Empowering Low-Light Image Enhancer through Customized Learnable Priors
Naishan Zheng, Man Zhou, Yanmeng Dong, Xiangyu Rui, Jie Huang, Chongyi, Li, Feng Zhao

TL;DR
This paper introduces a novel low-light image enhancement method using customized, learnable priors based on Masked Autoencoders, enhancing transparency, interpretability, and performance over existing approaches.
Contribution
It proposes a new paradigm leveraging MAE-based illumination and noise priors in a deep unfolding framework, improving interpretability and effectiveness.
Findings
Outperforms state-of-the-art methods on multiple datasets
Enhances model interpretability and representation capability
Demonstrates superior noise suppression and brightness enhancement
Abstract
Deep neural networks have achieved remarkable progress in enhancing low-light images by improving their brightness and eliminating noise.

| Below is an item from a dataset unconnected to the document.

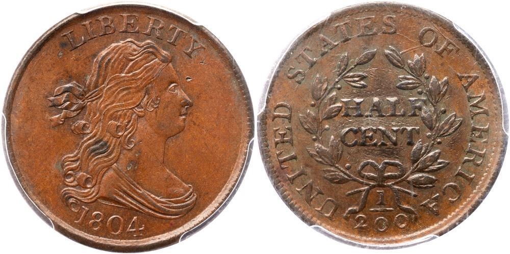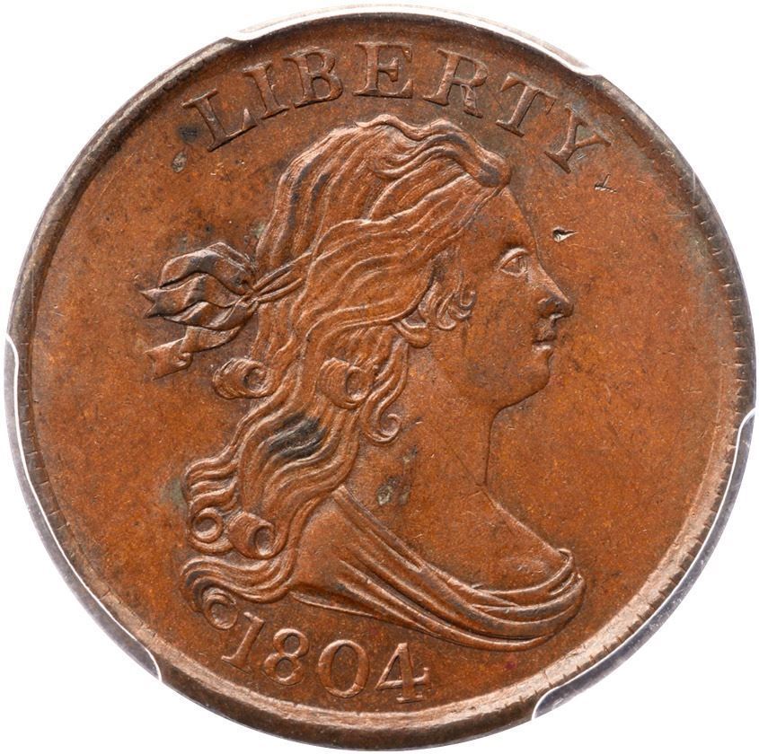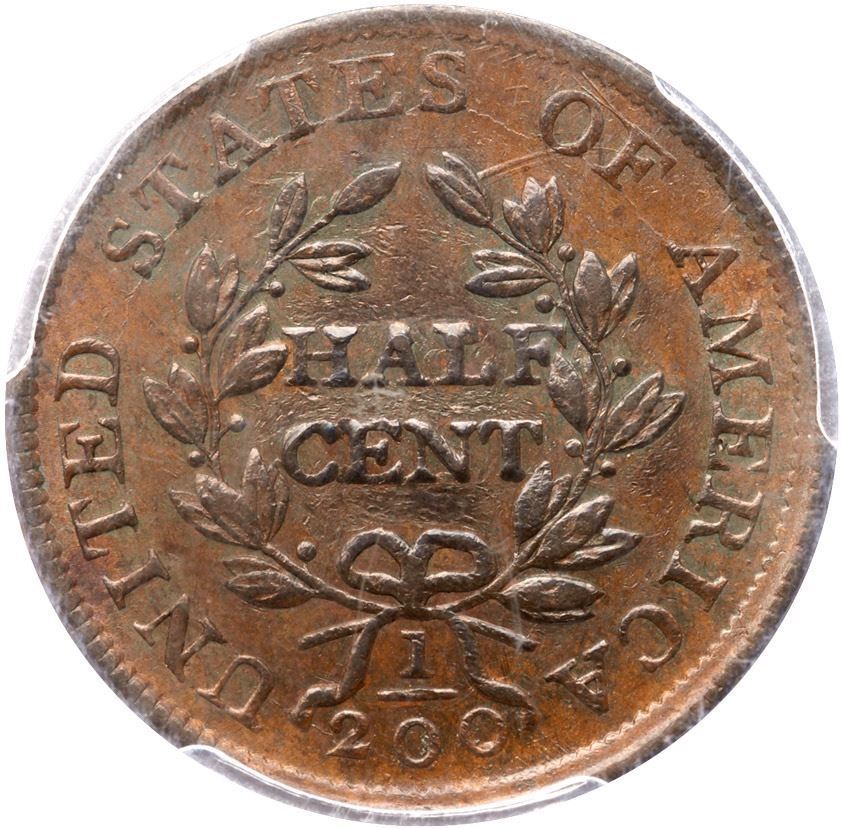 Mint state sharpness but there are three tiny planchet voids on the neck with darker planchet slag inside the voids, as struck. The only signs of contact are a pinprick in the field before the eyebrow, another right of the Y, and numerous small nicks inside the wreath around HALF CENT. Very attractive lustrous light steel brown with bluish steel overtones in the protected areas on the reverse. Our grade is MS sharpness net AU50, the deduction attributable mostly to the nicks inside the wreath. LDS, Manley state 3.0, with a fine die crack from the crosslet of the 4 through the bust tip. The reverse is rotated 10 degrees CCW. Not perfect but certainly one of the finest known of this rare variety. The attribution and Missouri Cabinet provenance are noted on the PCGS label. (The slab is badly scuffed on the reverse)

However, most existing methods construct end-to-end mapping networks heuristically, neglecting the intrinsic prior of image enhancement task and lacking transparency and interpretability. Although some unfolding solutions have been proposed to relieve these issues, they rely on proximal operator networks that deliver ambiguous and implicit priors. In this work, we propose a paradigm for low-light image enhancement that explores the potential of customized learnable priors to improve the transparency of the deep unfolding paradigm. Motivated by the powerful feature representation capability of Masked Autoencoder (MAE), we customize MAE-based illumination and noise priors and redevelop them from two perspectives: 1) \textbf{structure flow}: we train the…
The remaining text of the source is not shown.